Data supplied |
------------------------------------------------------------------------

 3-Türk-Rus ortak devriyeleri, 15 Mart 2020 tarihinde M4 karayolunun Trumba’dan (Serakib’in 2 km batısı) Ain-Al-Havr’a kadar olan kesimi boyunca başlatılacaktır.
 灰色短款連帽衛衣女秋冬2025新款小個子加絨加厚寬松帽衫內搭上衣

------------------------------------------------------------------------

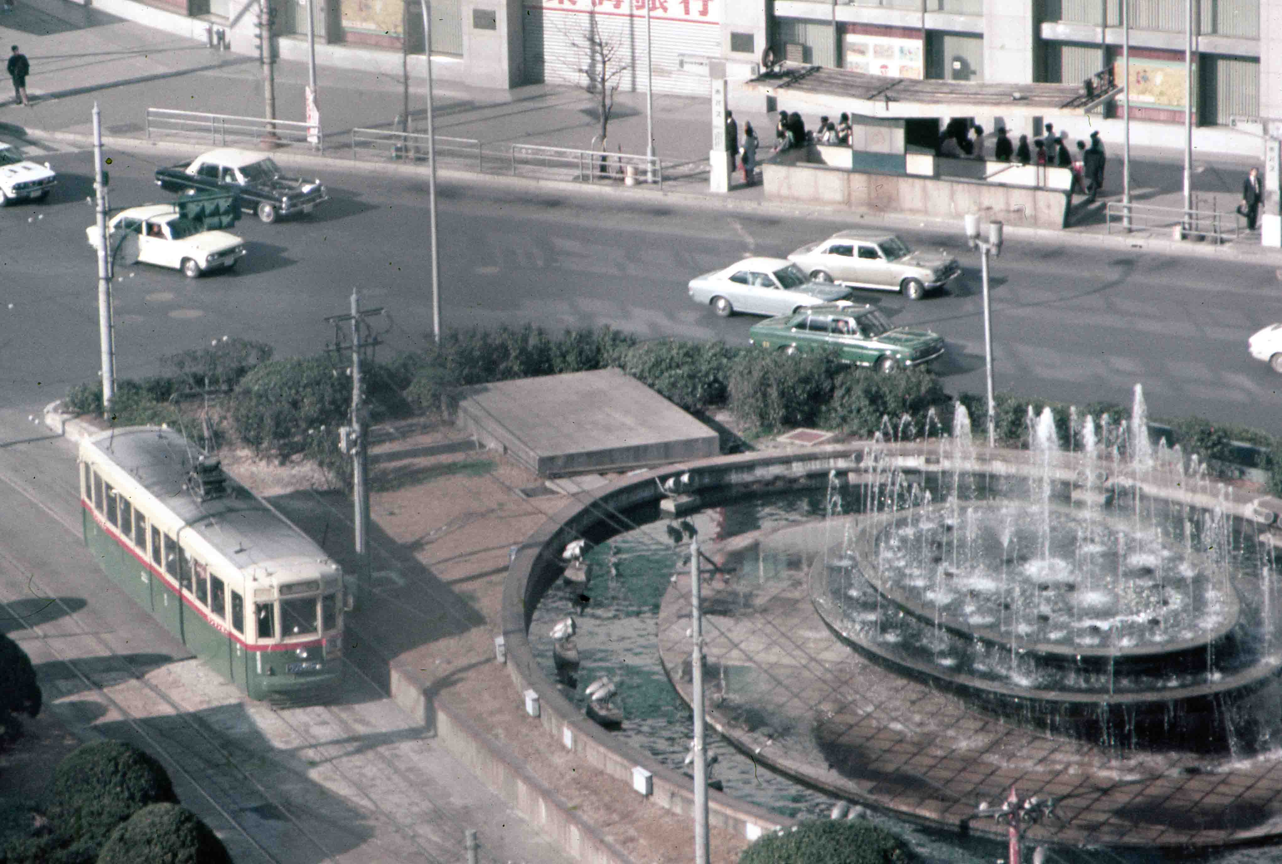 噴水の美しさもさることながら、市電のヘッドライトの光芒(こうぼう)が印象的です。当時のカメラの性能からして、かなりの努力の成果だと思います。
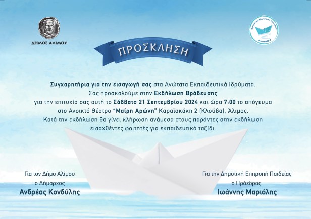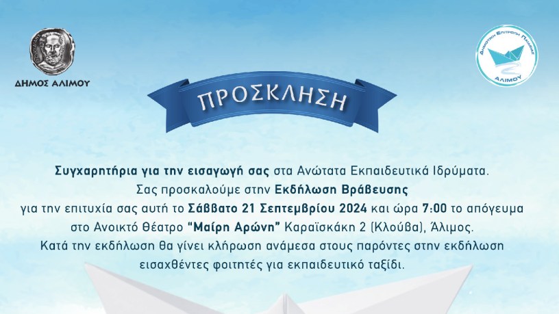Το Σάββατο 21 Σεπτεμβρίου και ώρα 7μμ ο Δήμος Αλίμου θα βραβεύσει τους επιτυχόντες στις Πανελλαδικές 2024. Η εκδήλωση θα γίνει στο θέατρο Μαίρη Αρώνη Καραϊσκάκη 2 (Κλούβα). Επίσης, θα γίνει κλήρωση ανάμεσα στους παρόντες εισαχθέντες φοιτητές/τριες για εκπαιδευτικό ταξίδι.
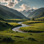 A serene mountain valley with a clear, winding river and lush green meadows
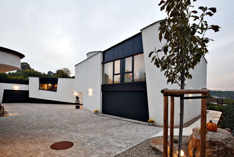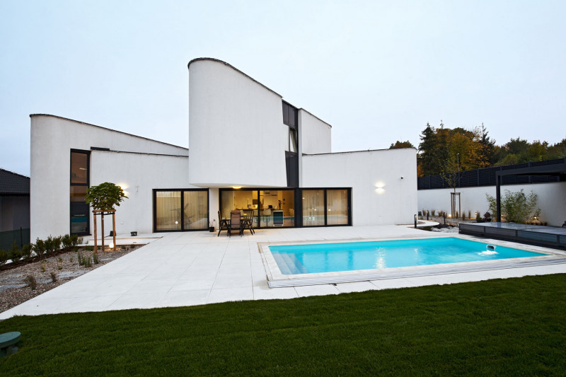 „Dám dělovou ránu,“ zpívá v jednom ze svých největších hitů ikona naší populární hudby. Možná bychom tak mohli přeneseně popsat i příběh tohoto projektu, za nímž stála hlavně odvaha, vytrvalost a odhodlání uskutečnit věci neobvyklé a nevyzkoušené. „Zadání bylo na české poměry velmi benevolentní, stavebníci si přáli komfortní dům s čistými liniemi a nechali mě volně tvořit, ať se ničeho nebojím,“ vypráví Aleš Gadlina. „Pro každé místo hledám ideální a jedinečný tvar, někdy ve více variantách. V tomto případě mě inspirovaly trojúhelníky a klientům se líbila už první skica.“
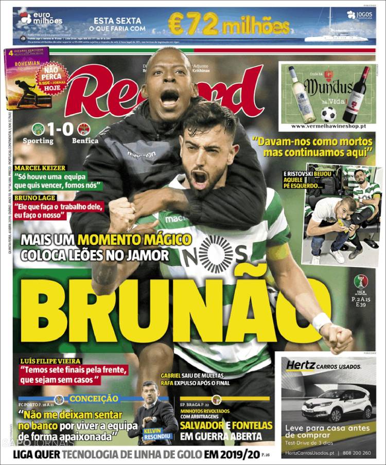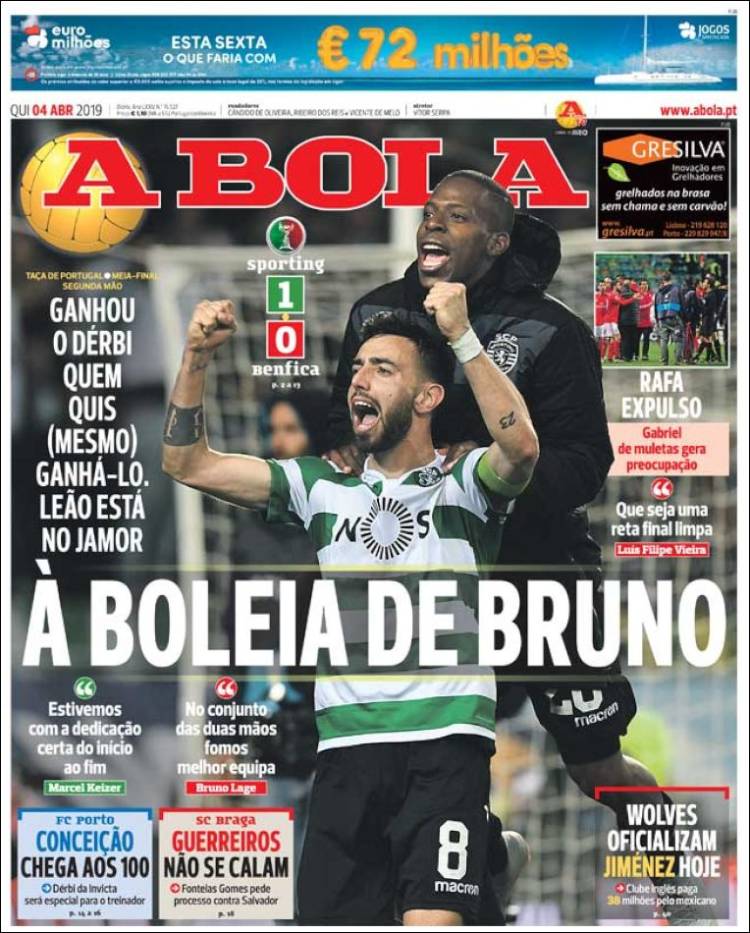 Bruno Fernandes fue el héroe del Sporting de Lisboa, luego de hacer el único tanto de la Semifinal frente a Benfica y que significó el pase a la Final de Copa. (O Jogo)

------------------------------------------------------------------------

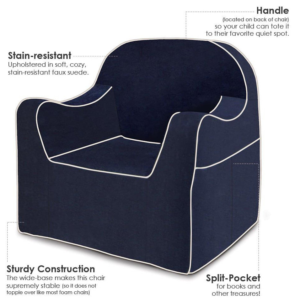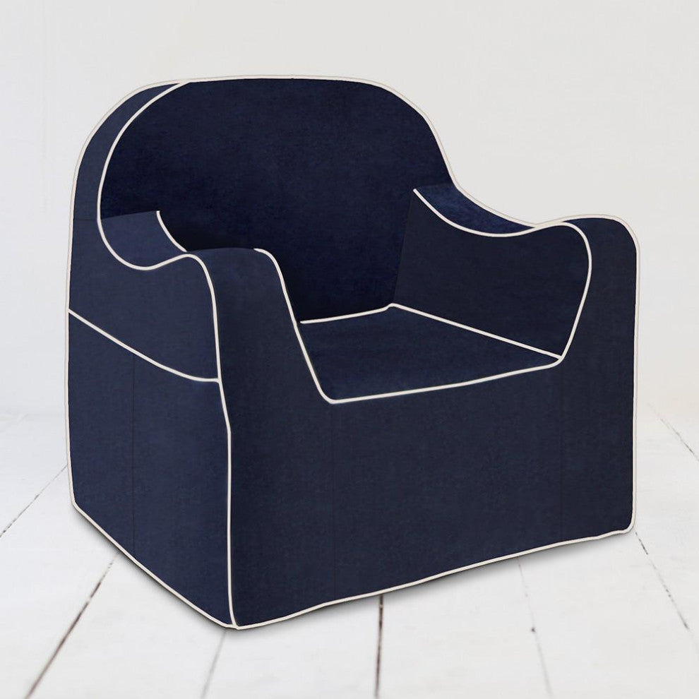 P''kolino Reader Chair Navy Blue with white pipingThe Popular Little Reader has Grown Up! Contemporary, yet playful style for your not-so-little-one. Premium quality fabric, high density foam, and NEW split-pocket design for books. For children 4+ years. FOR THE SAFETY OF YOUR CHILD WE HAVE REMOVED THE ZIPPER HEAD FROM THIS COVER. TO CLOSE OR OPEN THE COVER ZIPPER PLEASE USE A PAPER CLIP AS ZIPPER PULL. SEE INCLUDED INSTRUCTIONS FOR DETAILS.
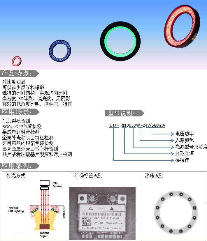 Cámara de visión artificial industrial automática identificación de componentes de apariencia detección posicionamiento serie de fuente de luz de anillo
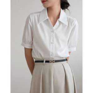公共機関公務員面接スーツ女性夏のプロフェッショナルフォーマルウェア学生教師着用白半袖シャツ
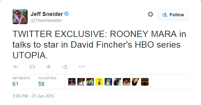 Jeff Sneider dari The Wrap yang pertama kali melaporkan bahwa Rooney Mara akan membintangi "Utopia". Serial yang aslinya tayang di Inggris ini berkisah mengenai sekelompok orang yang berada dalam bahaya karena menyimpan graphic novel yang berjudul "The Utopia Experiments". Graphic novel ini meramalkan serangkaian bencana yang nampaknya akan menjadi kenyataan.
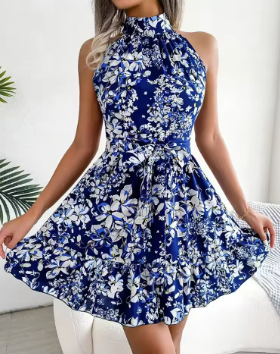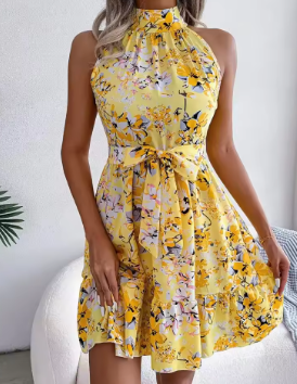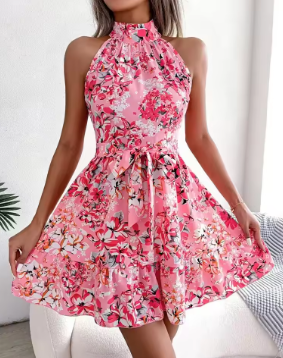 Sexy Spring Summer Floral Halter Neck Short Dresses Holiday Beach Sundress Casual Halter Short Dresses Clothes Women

------------------------------------------------------------------------

Would you copy, word for word, only the lines above from the one containing "P''kolino Reader Chair" through the one containing "公共機関公務員面接スーツ女性", both included, and please leave out the pictures?

Solution to this task |
 P''kolino Reader Chair Navy Blue with white pipingThe Popular Little Reader has Grown Up! Contemporary, yet playful style for your not-so-little-one. Premium quality fabric, high density foam, and NEW split-pocket design for books. For children 4+ years. FOR THE SAFETY OF YOUR CHILD WE HAVE REMOVED THE ZIPPER HEAD FROM THIS COVER. TO CLOSE OR OPEN THE COVER ZIPPER PLEASE USE A PAPER CLIP AS ZIPPER PULL. SEE INCLUDED INSTRUCTIONS FOR DETAILS.
 Cámara de visión artificial industrial automática identificación de componentes de apariencia detección posicionamiento serie de fuente de luz de anillo
公共機関公務員面接スーツ女性夏のプロフェッショナルフォーマルウェア学生教師着用白半袖シャツ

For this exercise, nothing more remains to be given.